LA PROTESTA - C'è un’ampia «zona rossa» off limits per i non accreditati intorno alla Prefettura di Taranto, dove si riunisce il Tavolo permanente per il Contratto istituzionale di sviluppo (Cis) di Taranto, sotto la presidenza del vice premier e ministro dello Sviluppo economico, Luigi Di Maio. Presenti anche i ministri Sergio Costa, Barbara Lezzi, Giulia Grillo e Alberto Bonisoli.

C'è un sit-in di protesta, ad alcune centinaia di metri di distanza, di cittadini e ambientalisti.
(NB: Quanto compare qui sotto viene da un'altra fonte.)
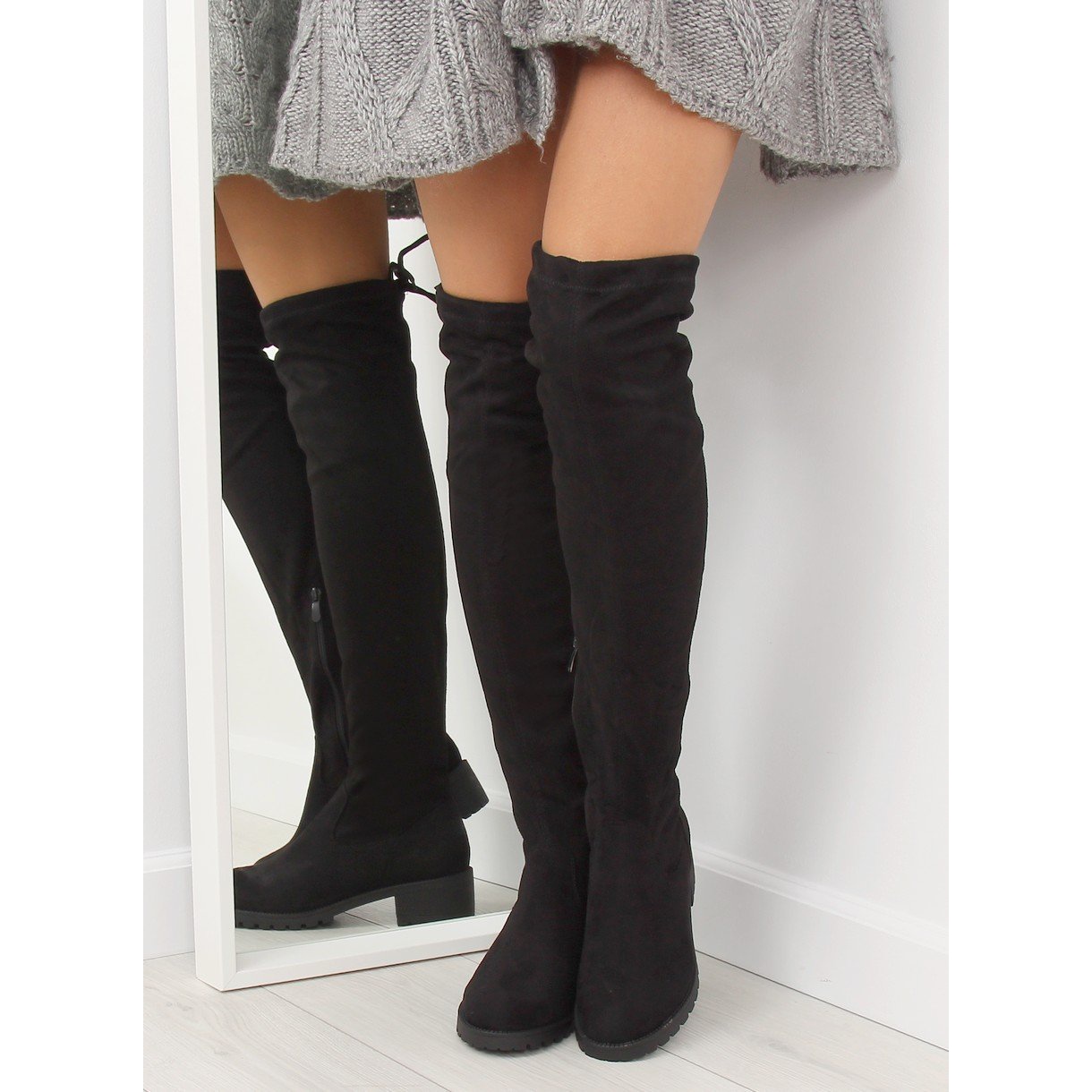 Pojedinosti: Crne ženske čizme za bedra NS013 Crna
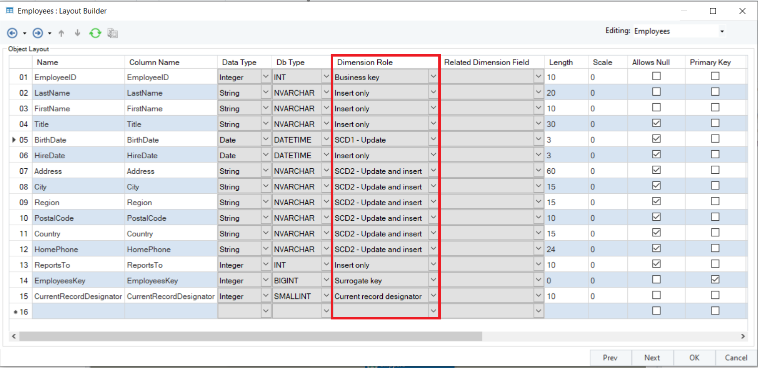 As an example, here is the layout of the Employee entity in the dimensional model after we’ve assigned dimension roles to its fields.
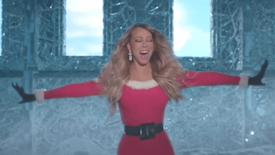 Una vez logra salir, la cantante exclama: «¡Es hora!» y, por supuesto, de fondo suena su canción que ya se ha convertido en un himno en esta época: «All I Want For Christmas Is You». Junto a ella se encuentran personas vestidas con motivos navideños que celebran con gran emoción la llegada de la temporada más alegre del año.
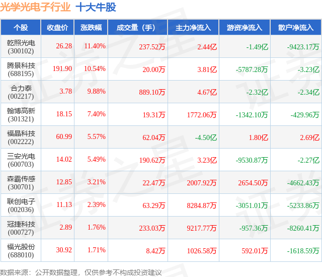 个股表现方面,光学光电子行业当日领涨股为乾照光电(300102),该股当日报收26.28,上涨11.4%,成交量237.52万,主力资金净流入2.44亿元。腾景科技(688195)以上涨10.54%紧随其后,该股当日成交量20.0万,主力资金净流入3.81亿元。除此之外,合力泰(002217)、翰博高新(301321)、福晶科技(002222)均进入当日牛股之列。具体个股列表见下表:

Non molti rispetto agli annunci della vigilia, forse anche per la convocazione specifica voluta da Di Maio per associazioni e comitati.
«Di Maio inganna popolo vattene» è la scritta che campeggia su uno dei cartelli esibiti: il riferimento è alle promesse non mantenute di chiusura del Siderurgico, cavallo di battaglia della campagna elettorale delle elezioni politiche del 2018; cinque parlamentari tarantini eletti con il M5S in recenti manifestazioni pubbliche hanno subito pesanti contestazioni.